What’s Wrong With It?

©iStock.com/mishoo
©iStock.com/mishoo

Quick—what’s wrong with this picture?

Can you see it? Or are you so used to seeing Easter bunnies sitting on colored chicken eggs that you don’t even see the contradiction anymore?

If you have kids, if you’ve ever been around kids, or if you’ve ever been a kid, you’ve heard the question, “What’s wrong with it?” Once children reach a certain age, they ask it regularly—like any time they hear the word “no.”

Some of us never outgrow that stage. We continue to challenge everyone who questions our whims using the same dubious standard:

  • “What’s wrong with spending $1000 on a dress? It’s my money!”
  •   “What’s wrong with watching porn? I’m not actually doing anything!”
  •   “What’s wrong with watching movies about sorcery? It’s only fiction!”

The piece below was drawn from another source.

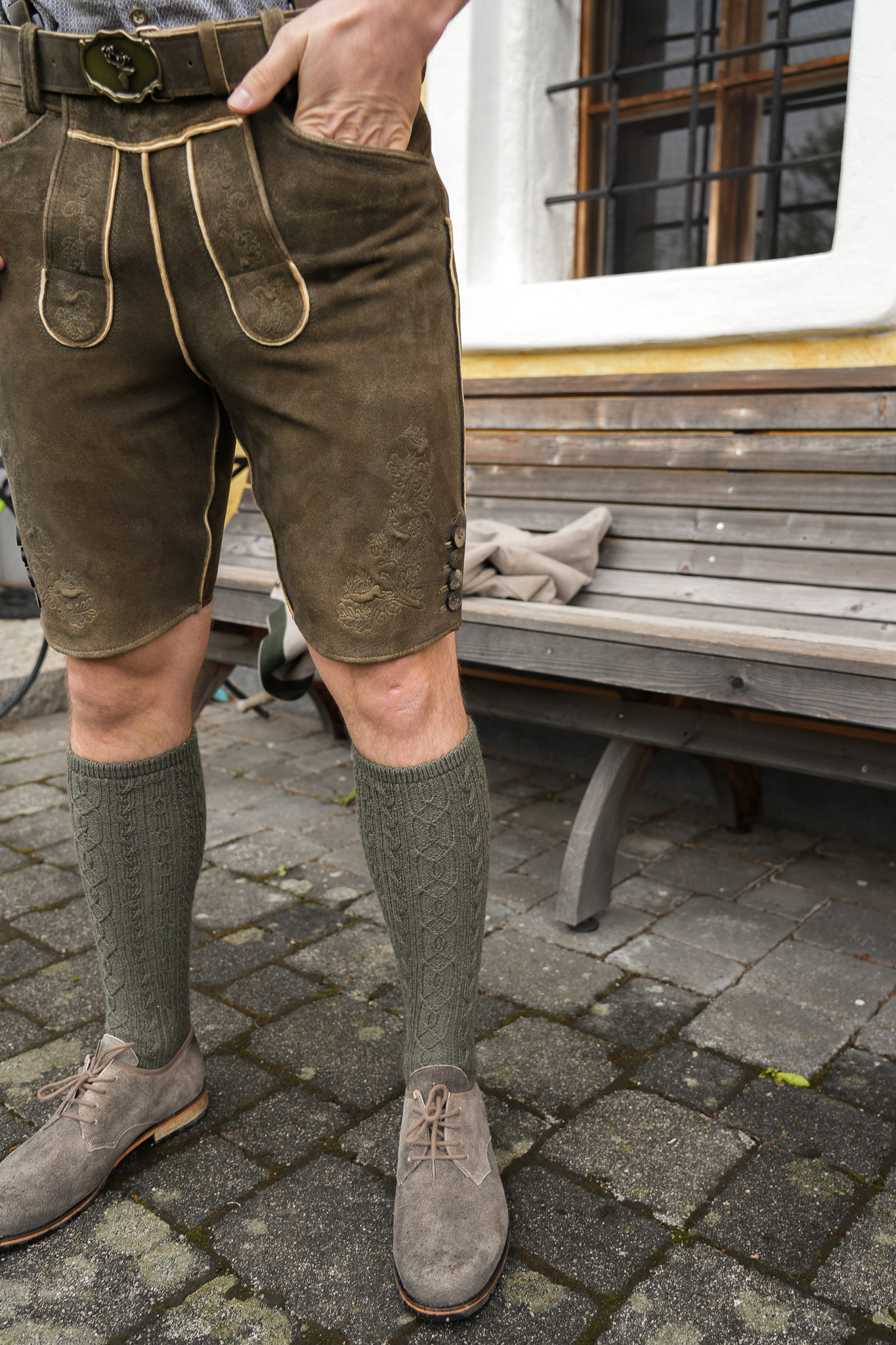 Die Lederhose ist mit einem typischen Hosenlatz mit geknöpftem Eingriff geschnitten.
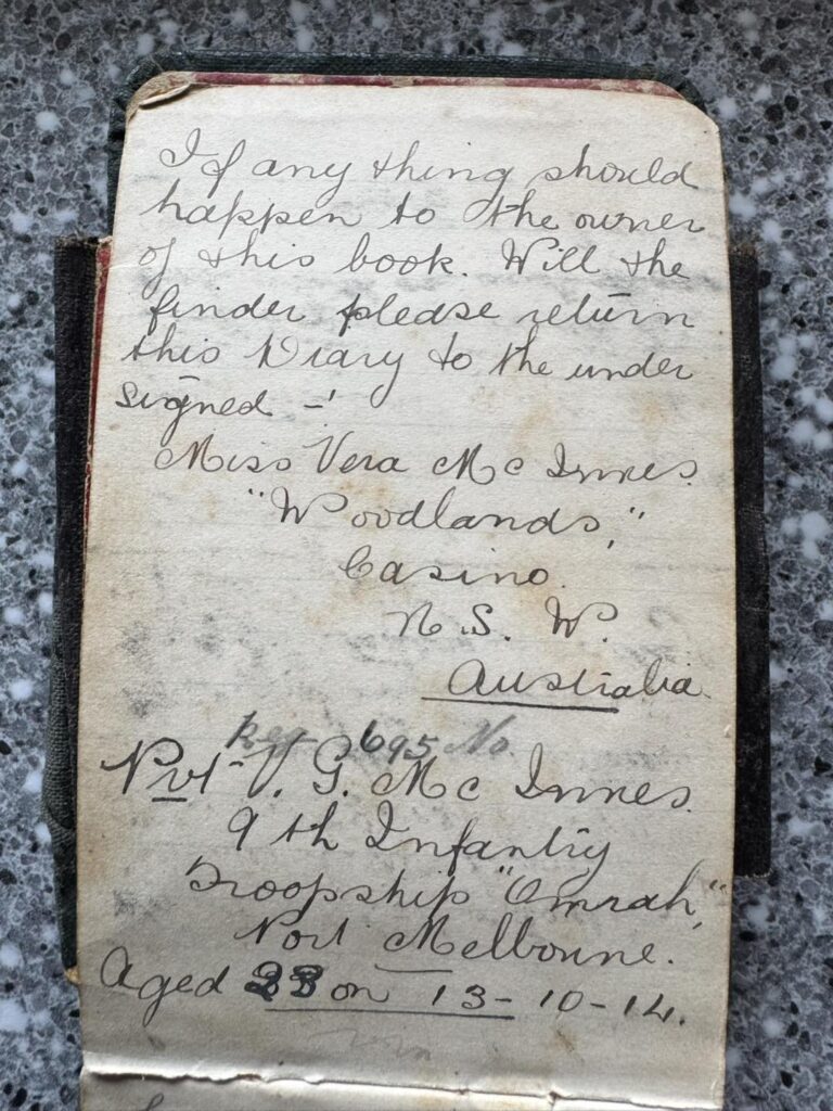 The Evans Head Living Museum has started the process of copying the diary and sending the images to the National Archives of Australia, where it’s hoped they will be added to Private McInnes’ War Service Records, which are available online.

Here are three reasons why I think we should chuck this standard:

1. It presupposes our ability to perceive “wrong.” Satan’s become really adept at flying just under our radar on this score. He changes our outlook by small, imperceptible degrees, by changes so subtle that we’re not even aware of a change at all. In this way, we’re exposed to images or ideas that successively push the border. We become so used to seeing something goofy—like a rabbit incubating eggs—that we no longer register the image as goofy. Similarly, we begin to perceive things as not-that-bad simply because they’re familiar.

2. It lowers our sights. We end up diving after a touchstone that is sinking deeper and deeper into the muddy silt  of “wrong.” And what will that eventually make us? Bottom-dwellers! The Bible encourages us to reach for an entirely different goal: “Fill your minds with those things that are good and that deserve praise: things that are true, noble, right, pure, lovely, and honorable” (Philippians 4:8, GNT). So instead of focusing down, on the ever-changing benchmark that society recognizes as “wrong,” we should focus upward on “right,” emblazoning this standard in our minds through what we see and hear.

3. It spoils God’s gift to us. “God has called us to live holy lives, not impure lives” (1 Thessalonians 4:7, NLT). In other words, Jesus didn’t leave His throne, live in poverty, and die a torturous death to leave us floundering around in the same pool of sin that poisoned our lives in the first place. He did all that so we “might have life—life in all its fullness” (John 10:10, GNT).

What’s all this mean? Simply that we’ve been asking the wrong question. We should quit settling for “What’s wrong with it?” and seek the far better standard of “What’s right with it?”